Quascenta Simplifies Cleaning Validation For Active Pharmaceutical Ingredient (API) Manufacturers With The Release Of Eresidue Software
Biospace: Quascenta's just launched software application eResidue for API replaces manual spreadsheets; thereby allowing the Active Pharmaceutical Ingredient (API) manufacturers to streamline their residue limit calculations, eliminate costly errors, and save time.
Quascenta is pleased to announce the official release of eResidue-API, a software application designed specifically to help the Active Pharmaceutical Ingredient (API) manufacturers with a more efficient, affordable and compliant cleaning validation process. The first product of its kind, eResidue will significantly improve the way manufacturers set the residue limits and identify the worst case molecule.
Over the years, the API manufacturers have been relying solely on the traditional practice of using spreadsheets and calculators for residue limit calculation. However, it has been observed that this process is both time-consuming and error prone. More importantly, this process fails to relate the intermediates, cleaning agents and other residues to the APIs.
Quascenta claims that eResidue for API will bridge the gap in the residue limit calculation process by providing a software platform that not only stores all equipment and product related data, but also allows users to carry out multiple calculations based on their site requirements. The application has been designed to handle complex workflows while providing a simple user interface.
Quascenta has developed eResidue for API in collaboration with Destin LeBlanc. Destin is the chair of the PDA task force to revise and update PDA Technical Report #29, and an internationally recognized expert in the area of cleaning and cleaning validation.
eResidue-API has been built on the existing eResidue – a powerful and intuitively designed cleaning validation software application for finished pharmaceutical products. It offers several critical features that include the ability to use dose or health based values as the basis, role-based access, 21 CFR Part 11 compliant audit trails and electronic signatures, standard and customized reporting, and more.
“eResidue for API is the first and only solution for cleaning validation residue limit determination designed around the requirements of API manufacturers”, commented Ravi Moorthy, President of Quascenta. “Our customers can finish the qualification and start using the application within a week, without lengthy implementation cycles that are typical in desktop based applications.”
To find out more about eResidue for API or request an online demo, please visit https://www.eresidue.com/arrange-demo About Quascenta: Quascenta Pte Ltd. is a specialty solutions provider to the healthcare industry. The company is developing novel software and hardware solutions to bring about a change in the way data is captured and analysed, thereby improving operational efficiency. Quascenta’s flagship solution, eResidue®, is currently in use at several locations worldwide.

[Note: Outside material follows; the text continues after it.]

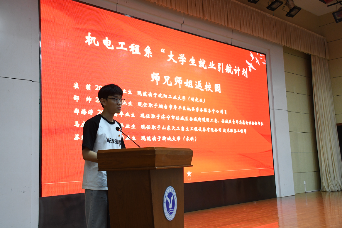 为深入贯彻《2024年山东省大学生就业引航计划工作指引》要求,全面落实大学生就业工作安排,引导大学生立足实际、找准定位,树立正确的择业观、就业观,5月16日,机电工程系在南校区图书馆报告厅开展“师兄师姐返校园”交流活动,2021届优秀毕业生代表崔萌(在读研究生代表)、邵帅(机关事业单位),马庆昕(技术工程师),2023届优秀毕业生代表苏继鹏(在读本科生代表)进行交流分享,300余名在校生参加活动。

About eResidue: Developed by Quascenta in collaboration with Destin LeBlanc, eResidue is a validated cleaning validation software. Its available in 2 versions, one for API and the other for finished drug products. This first-of-its-kind software application will help improve the residue limit calculation process by efficiently storing all relevant data and carrying out multiple calculations as per the requirement of the manufacturers.